The first chapter relates to fasting, including its benefits. But he recalls that “Hunger is the most humiliating human condition, a curse that has persecuted humanity since its origin and which is the cause of mass emigration. “

His recipes

In the chapter devoted to salt, He explains: “For a long time, I have not put it in the cooking water of pasta or rice. I add instead a few drops of anchovy extract in the seasoning. I put in any dish, even on the hard egg.” He adds: “For those who were born and grew up in the sea, salt is the one on the skin wiped after a dive. I prefer to keep it on me, like protection. I like its smell.”

For the nutritionist, the two grams of salt per day recommended by the World Health Organization were very quickly affected: “Just rinse the vegetables in a box, eat capers or drink a glass of energy drink”.

“Montedio” in 2002, Erri de Luca, the wonderful griot

The book shows an Erri by Luca Ascetic, lonely and solar at the same time, petri not the sacrosanct rules of hospitality and human solidarity, backing up, said his mother, journalists by the smell of garlic he liked to crunch. “I sometimes speak on my own, to hear a voice.
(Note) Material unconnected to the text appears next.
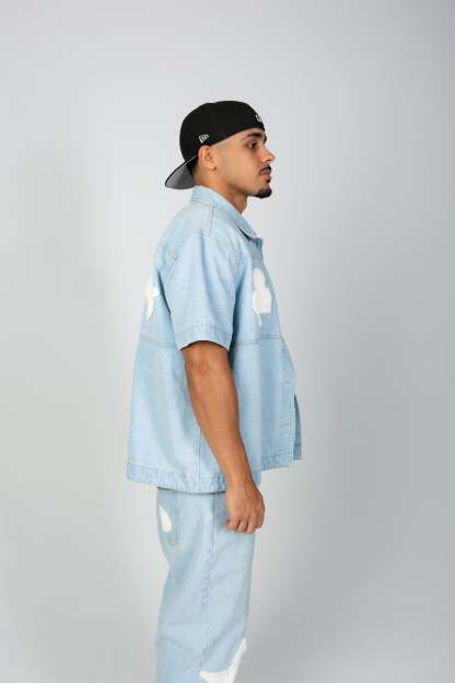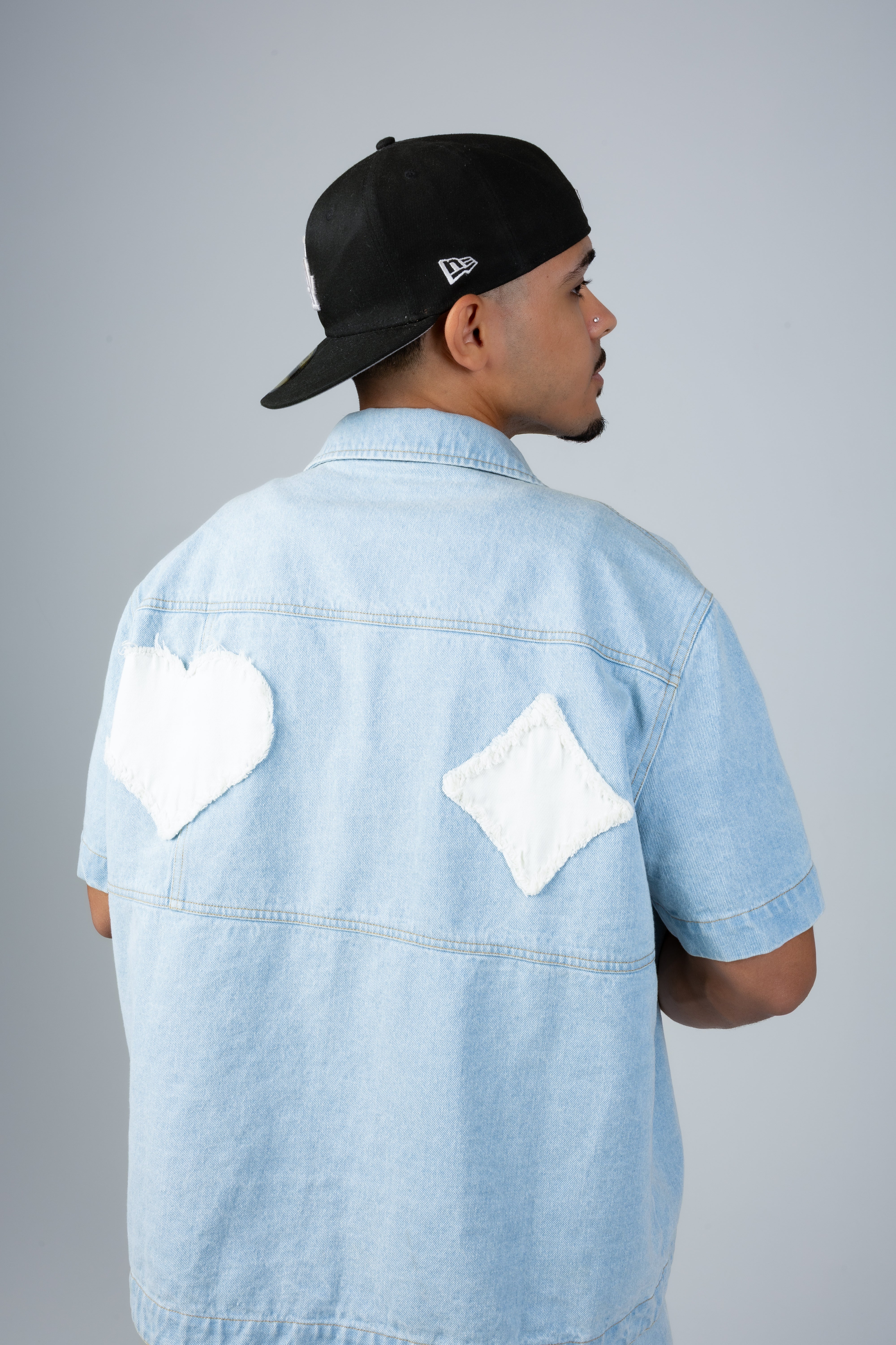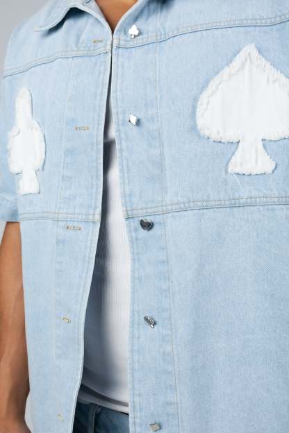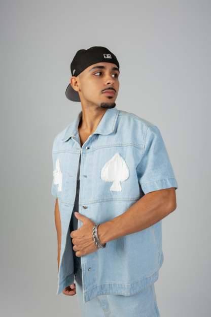 A light blue denim two-piece with distressed patches shaped into card-suit symbols, a direct nod to classic anime motifs. The jacket and pants feature custom buttons and a clean, tailored cut, balancing the raw edge of distressing with a modern streetwear fit. Designed to capture the same aura of a certain joker without ever naming him.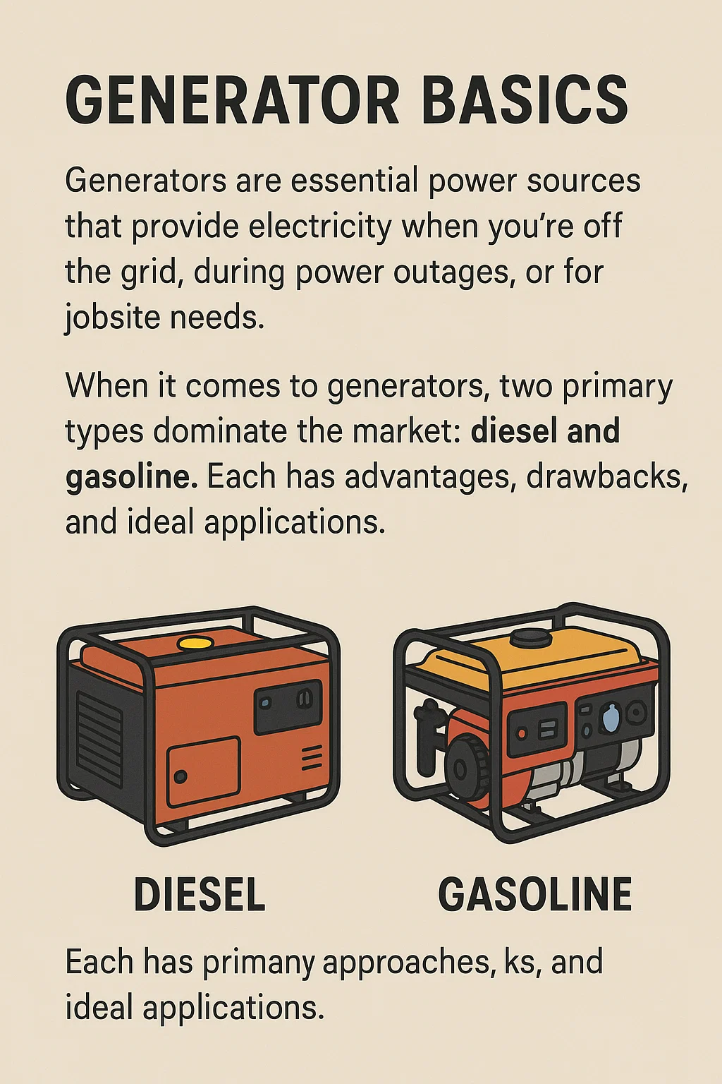 Diesel generatorer : Diesel er også allment tilgjengelig, spesielt i landlige områder og for kommersiell bruk. Imidlertid selges diesel ofte på større bensinstasjoner eller lastebilstopp, noe som kanskje ikke er like praktisk i mer urbane eller boligmiljøer.

I don’t have electricity, I stopped paying and I was cut it off. I manage with candles and the fire of the fireplace.”

The book even ends with fifteen old recipes of dishes dear to the Neapolitan writer like the Macaroni omelette (omelet of macaroni), the Meat sauce (meat sauce) or Casatiello (Neapolitan Easter bread).

Familiar flavors | Story | Erri de Luca with the comments of Valerio Galasso, translated from the Italian by Danièle Valin | Gallimard, 256 pp. € 18, digital € 13

EXTRACT

“Our arrival at noon was welcomed by a cry of right ragù in the nose. This sauce was screaming, it was a standing stadium after a goal, a embrace, a jump and a waterfall in the nostrils. I will never find this assault at the top of my senses. At, table, in front of this dish of pasta in the ragù, never with cheese which was an insult, I was sitting very wisely. plate.”

blythe.sheridan
blythe.sheridan
Blythe’s St. Louis arts desk compares graffiti tags to opera arias—each review ends with a playlist.